As you can see, my hop plant has re-emerged, and with it my hopes to one day brew with homegrown hops. Earlier this year spider mites attacked and devastated my lone hop plant (of the Chinook variety). You can see the carnage on top of the soil where the new shoots are sprouting. Everything was going fine, the plant was growing extremely fast, I already trellised it up and across the window (it was probably a good 15-20ft long if I unravelled it), and then one day the bottom leaves started to turn brown.

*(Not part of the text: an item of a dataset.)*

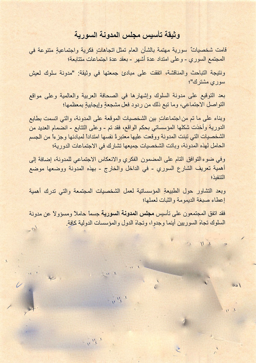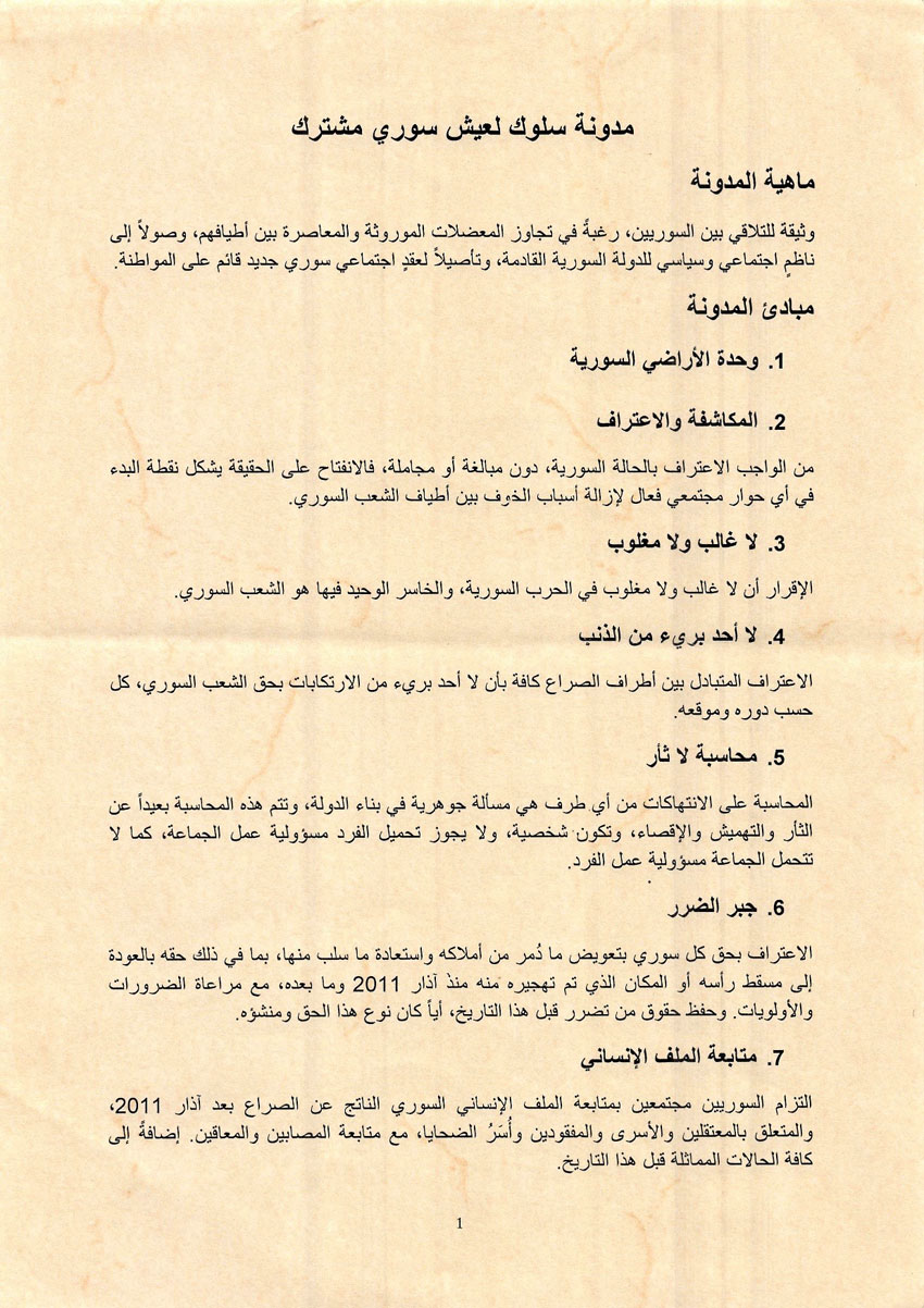 بعد أكثر من سنتين من الحوار السري بين شخصيات ممثلة للمكونات السورية داخل البلاد وخارجها خصوصاً من العلويين والسنة، قرر المتحاورون الخروج إلى العلن بـ«مدونة سلوك لعيش سوري مشترك» تكون بمثابة مبادئ فوق دستورية، وتأسيس «مجلس المدونة السورية»، على أمل الحصول على دعم اجتماعي لهما. وتنشر «الشرق الأوسط» نص الوثيقتين ومضمون الجلسة الأخيرة من الحوار.

Pretty soon more leaves were turning brown. One by one, all the way up the twine trellis, each leaf was slowly decimated. I could see the little bugs under the leaves, but no matter how many times I sprayed them with soapy water or smushed them between my fingers I couldn’t defeat them. Then one week they must have multiplied because in a flash all of the growth was brown and leaves were sent raining onto the sill below.
So, in denial, I forgot about it. It’s summertime and summertime is not brewing time. Too hot for brewing in the apartment and too hot for the beer to properly ferment. However, the weather has definitely turned in NYC. It’s starting to get "a little chilly out", as Sweetbreads would say. Yesterday was the official “Ok, it’s kinda cold, everyone in NYC break out the sweaters and scarves day”. So I’ve been in the brewing frame of mind. I decided to re-visit my hop plant, or should I say rhizome. Thankfully, hop plants don’t sprout from seeds, they sprout from ‘rhizomes’ (really a fancy word for ‘root’). Check out how it came in the mail
So that hop rhizome had been sitting in the soil since the attack (late July), licking its wounds and not sending up any new shoots. I left it baking in the soil and figured it was dead. I had cut the old vine after it dried and now we have these cool hop-vine sticks, but no fresh hops. Just a large empty pot. Or so I thought.
Earlier this week I gave the rhizome some water and then later in the week gave it a little more. Yesterday I woke up to see three new shoots. Awesome, only now I am living in fear of the spider mites. Will they come back? Will they bring their devilish friends? Sweetbreads told me that the females live in the soil, just waiting to have babies and chow down on the next crop. "Bleepin' mites", I thought to myself, of course they do. Well, now I’m on a mission to stop them. I don’t know what my plan of attack will be, but I’m open to suggestions. I'm not talking about googling "how to defeat spider mites", I already did that...and failed. I need some old school ninja tactics.
Oh, and hop plants grow a few inches a day, so better get on the move!